When the Spell Works It's Binding
[Sheed is a British novelist, editor, columnist, and critic. In the following review, he praises Frame's The Adaptable Man, considering the novel "comic, intense, [and] stylish."]
The New Zealand authoress Janet Frame is a "witch-novelist" who stirs her plots under a full moon and has various magic powers, including a number-one witch's curse.
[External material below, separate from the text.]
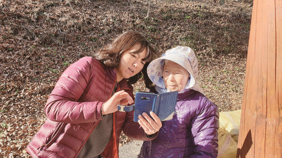 | 장수군은 자원봉사와 재능나눔 문화를 활성화할 계획이다. 사진은 ‘영상코디’가 어르신께 스마트폰 교육을 하고 있는 모습. |

Her prose style is a series of charms and incantations, passwords repeated in a baleful voice, which hex up the whole landscape, turning the vegetables into people and the people back into vegetables, or worse: into rock formations, soap advertisements or ancient ruins.
These alchemistic tricks are central to her new novel, [The Adaptable Man,] which concerns the urge of people and things to adapt, to assume the right shapes for the 20th century. Each of her characters would like to become the human equivalent of a television antenna or a three-day deodorant or a really good museum piece. Under Miss Frame's curse, they become instead crystal radios, one-day deodorants, museum rejects.
Even the village they live in (one of those whimsical English ones well-known to mystery readers) is struggling to adapt—to become a jet airport or a thruway or a history reserve. A hundred local deities fuse in this effort, sprites of field and harvest and even gods secreted in the new farm-machines. For in Miss Frame's metaphor kingdom you never know what has a soul and who hasn't.
The human characters proper are introduced in a prologue which suggests that they are all basically the same person anyway, in a sequence of different attitudes. In a mythic novel of this type, the personality is nothing, the role is everything—i.e., it doesn't matter who is priest and who is victim, so long as the rite is performed. Each uses the same voice—the milkman, the clergyman, the village bore—passing the "I, I, I," back and forth and ending with "I, the earth,"—the earth being no more and no less a character than the others.
Each of these alleged characters has one foot inside his own century and one waving about outside. Russell Maude the dentist has barricaded himself behind a picket-fence of teeth, solid as tombstones: his strategy is to practice a modern science with outrageously out-of-date instruments. His wife has buried herself in vegetables, and fortifies herself with litanies of the latest plant diseases. Their son Alwyn seems to have stepped all the way into his own century, committing a senseless murder and feeling only two pages of guilt to 600-odd for Raskolnikov, but by the end of the book he has begun to look worried. And of course, to worry is to be unadapted, to lose your place in the lemming-rush.
Parts of this book could best be reviewed a page at a time, as a number of poems and essays stashed together—some pages of excellent nature writing, a few more of theologizing—and indeed, whenever plot-development threatens to dominate. Miss Frame determinedly changes the subject and goes off on a new ramble. When the magic is working, which is most of the time, the effect is spellbinding; when it isn't the brew tastes more like Campbell's toad soup, and you half wonder why such an earnest, talky woman should be a witch in the first place.
But this is probably the kind of trick you can expect from witches. When the juice is on, Miss Frame is undoubtedly the real thing. Her prose is haunting, and she can use it to lay a spooky atmosphere over anything she chooses, from a stamp album to a row of teeth. Occasionally she wrestles a metaphor too fiercely and winds up in a snarl of arms and legs, but few writers have ever used so many of them so successfully. In general, she has done what every writer strives to do: find and perfect a form that fits over her ideas and dreams like a skullcap.
Now if she could just find an equally good proofreader, or wave a wand over her old one. But maybe these weird typos and open-ended parentheses are meant to add an extra Halloween touch. In any event, The Adaptable Man is an original novel, comic, intense, stylish, from one of the most interesting writers around.